11:19 p.m. was the time of the Great Reveal, the moment that This Is Us has been teasing since Season 1, Episode 5, "The Game Plan", where we found out that Jack had died but didn't know when or how. 

The writers and producers teased us again with flashbacks to Jack's funeral, then a flashback to a burned house, and then with more and more references to the death. 

Last night, it all came together.

It started with the house fire, with Jack rounding up the kids and safely getting them to his bedroom, then lowering them and Rebecca down to the ground . . . and then, after hearing Kate's dog bark, going in to get him . . . and bursting through the front door moments later with the dog and a pillowcase full of memorabilia.

Okay, he didn't die in the fire. 

What he ended up dying of was a heart attack caused by smoke inhalation.

Everything seemed so normal; well, as "normal" as everything could be when your house has just burned down and you've lost everything.  The kids would go to Miguel's house (Jack's best friend); Rebecca would go with Jack to the hospital, he'd get treatment; everything would be okay.  Right?

Remember, this is This Is Us we're talking about, the show that has a tendency to kick you in the gut when you least expect it. 

This is 1998, Super Bowl Sunday; and even at the hospital, Jack is interested in the game.  His final words to his wife, as she is ready to leave to make some hotel reservations and other arrangements?
"You're standing in front of the TV."

She chuckles and leaves. 

While she's on a pay phone trying to make hotel reservations, we see the frantic running of doctors and nurses behind her. 

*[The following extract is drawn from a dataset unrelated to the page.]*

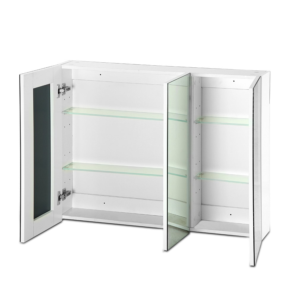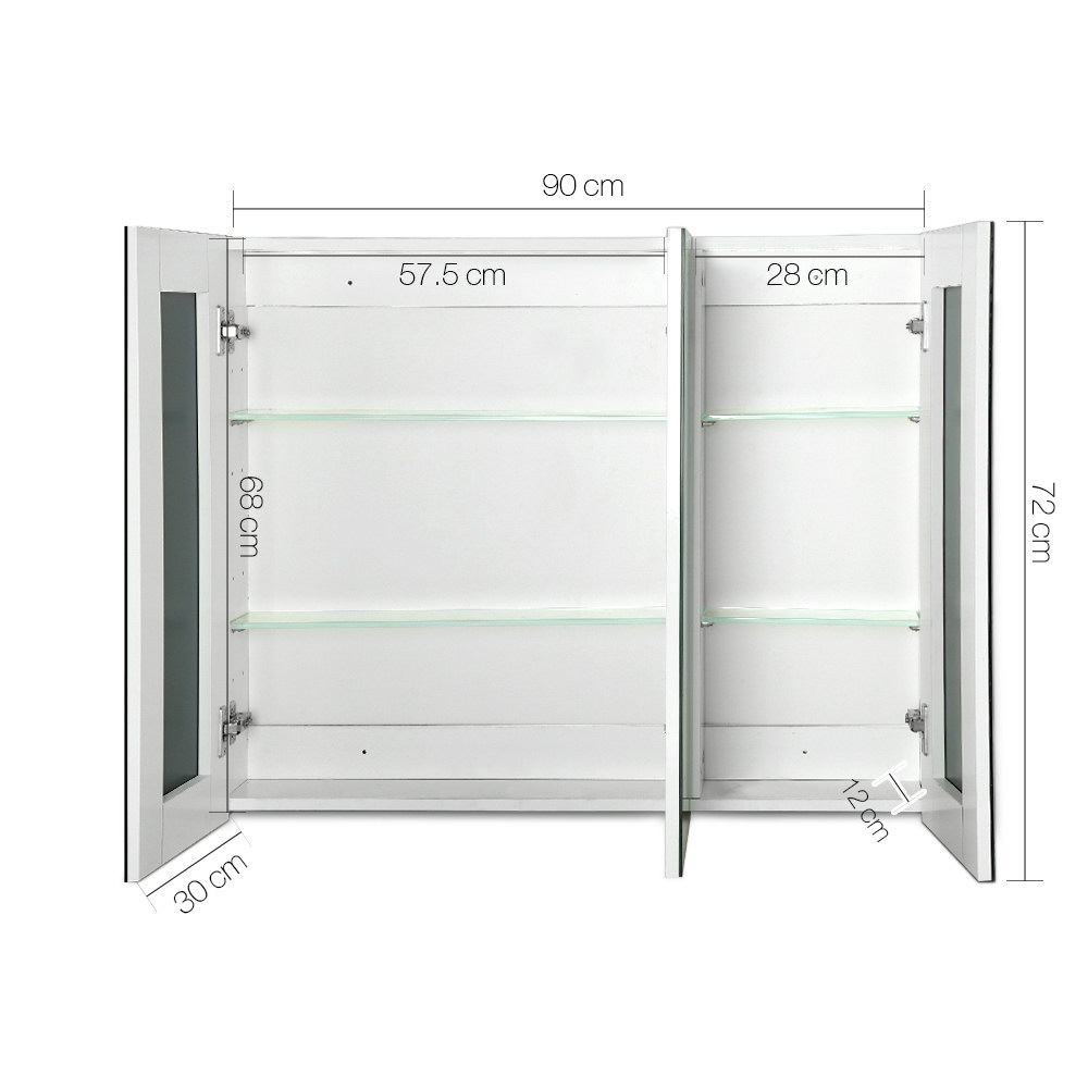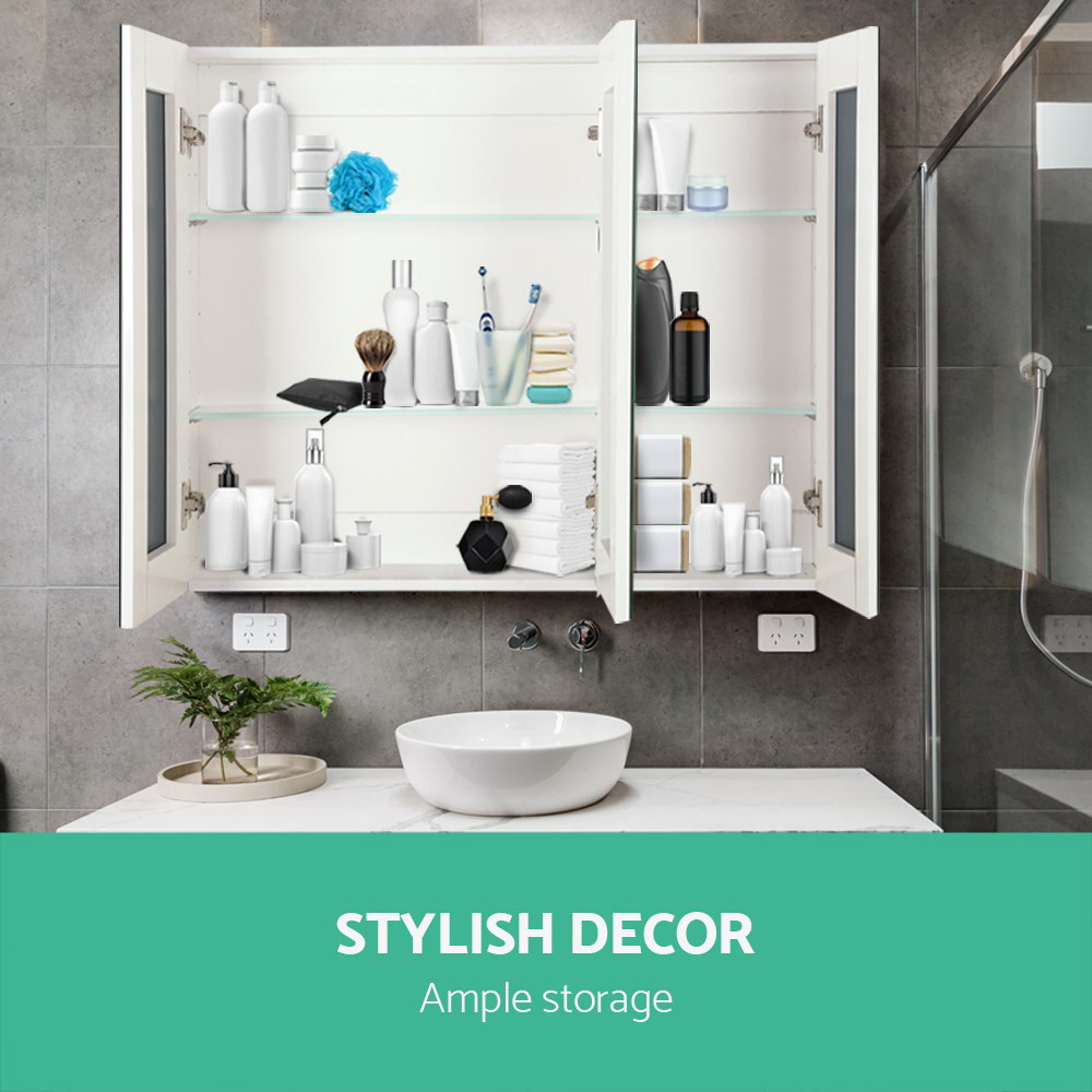 Finished in high gloss PU and made of quality 15mm MDF material, our Storage Mirror Cabinet is designed to be longlasting and durable with a touch of class. The three soft-closing doors open to lots of storage space within the cabinet with adjustable glass shelves to suit your various storage requirements for toiletries, medicine and other bathroom essentials.. Not least, the pencil-edge handles make this Storage Cabinet uniquely stylish whilst the crystal-clear mirrors reflect wide coverage with absolute clarity.

We hear Jack's voice calling, "Beck?"

We see her standing in front of a nearly empty vending machine, finally selecting a Twix bar (from slot B3, naturally--B3, Big Three, get it?) and as she gets it and turns around, that's when the doctor shows up. 

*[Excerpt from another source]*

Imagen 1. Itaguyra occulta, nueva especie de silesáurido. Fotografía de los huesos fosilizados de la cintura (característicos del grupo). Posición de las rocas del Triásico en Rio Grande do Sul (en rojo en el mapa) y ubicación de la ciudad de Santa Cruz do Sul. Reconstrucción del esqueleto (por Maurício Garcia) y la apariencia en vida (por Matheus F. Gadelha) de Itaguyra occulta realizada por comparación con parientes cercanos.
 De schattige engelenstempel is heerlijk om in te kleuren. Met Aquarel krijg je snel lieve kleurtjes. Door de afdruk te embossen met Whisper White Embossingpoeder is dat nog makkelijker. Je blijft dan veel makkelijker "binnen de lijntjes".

She suspects nothing and keeps talking until the doctor says "cardiac arrest" and "we lost your husband."

Rebecca heard him.

She did not hear him.

If she had, she probably wouldn't have bitten into that candy bar. 

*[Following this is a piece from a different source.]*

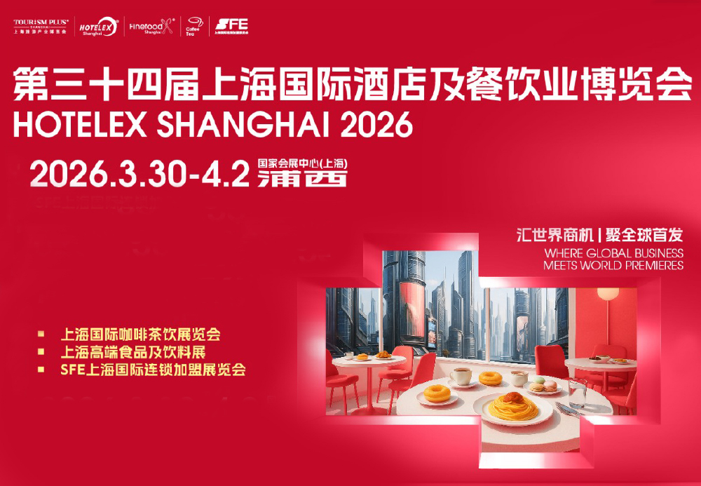 HOTELEX上海展将在2026年3月30~4月2日在上海盛大举办!展会将继续在浦西虹桥的国家会展中心全面铺开,火力全开。同时将引入来自酒店及餐饮业、食品饮料、咖啡茶饮、连锁加盟等行业上游供应链的千家优质展商、更以数十项精彩丰富的活动赛事及高峰论坛为万名专业观众呈现出一场精彩的食饮盛宴!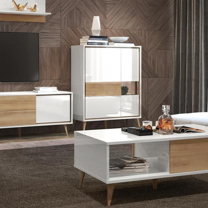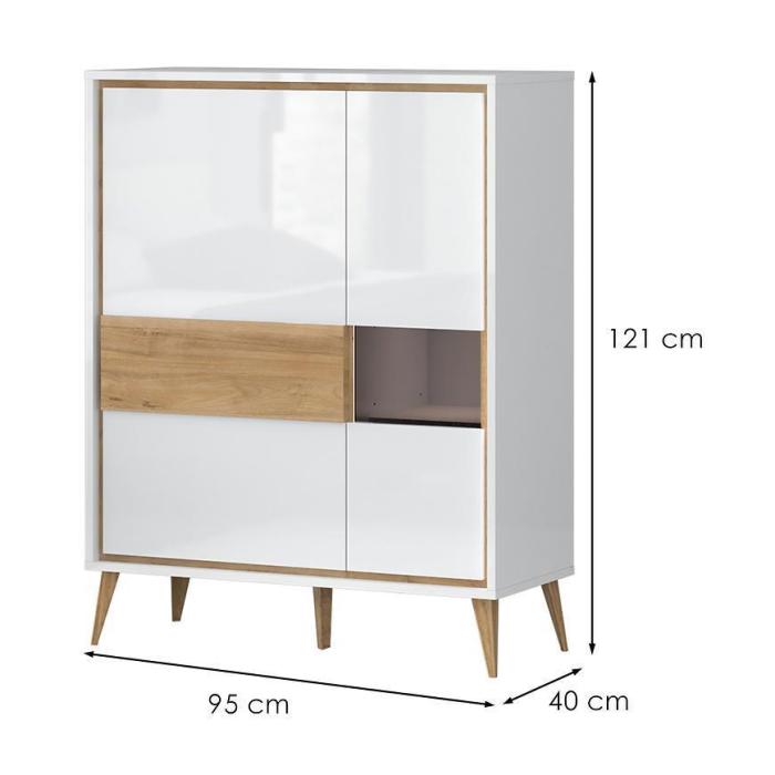Witryna to praktyczny i funkcjonalny mebel. Korpus oraz front wykonany jest z płyty MDF lakierowanej. Mebel będzie doskonałym dodatkiem do każdego wnętrza ze względu na swoją uniwersalną kolorystykę.

Then comes the shock, the scream of grief, shots of where she has to sign papers and take away Jack's possessions; and the moment where she tells Miguel that she has to go inside and ruin her kids' lives, and she was going to be strong for them, and if he couldn't, he needed to take a walk around the block until he could. 

In the present, 20 years later, Rebecca, Kevin, Kate, and Randall have their own ways of coping on the anniversary. 

Rebecca makes Jack's favorite lasagna and looks for a reason to laugh, which Jack sends her every year without fail.  Miguel--now Rebecca's husband--gives her space.

Kate watches the last tape of her and Jack together--a tape Jack rescued from the fire.

Randall throws a Super Bowl party.

And Kevin?  In past years, he would have hooked up with a model and gotten drunk or high.  Not this year.  This year, he's committed to sobriety . . . so he goes out and finds "Dad's tree", a tree where I think some of Jack's ashes were scattered, and makes the apologies that he wasn't able to make when Jack was alive. 

He promises to be a better man.  And then he calls his mom . . . and in the middle of the conversation, he says, "I think I'm at the wrong tree."

Through her laughter, Rebecca says that this was Jack's way of making her laugh.  "This year, he sent me you."

There are other parts of this epsiode that were also poignant. 

For now, the biggest question in TV history since "Who Shot J.R.?" was finally answered.

As my son would say, "Time of death," 11:19 p.m., Sunday, February 4, 2018.

R.I.P, Jack Pearson.

Just my .04, adjusted for inflation.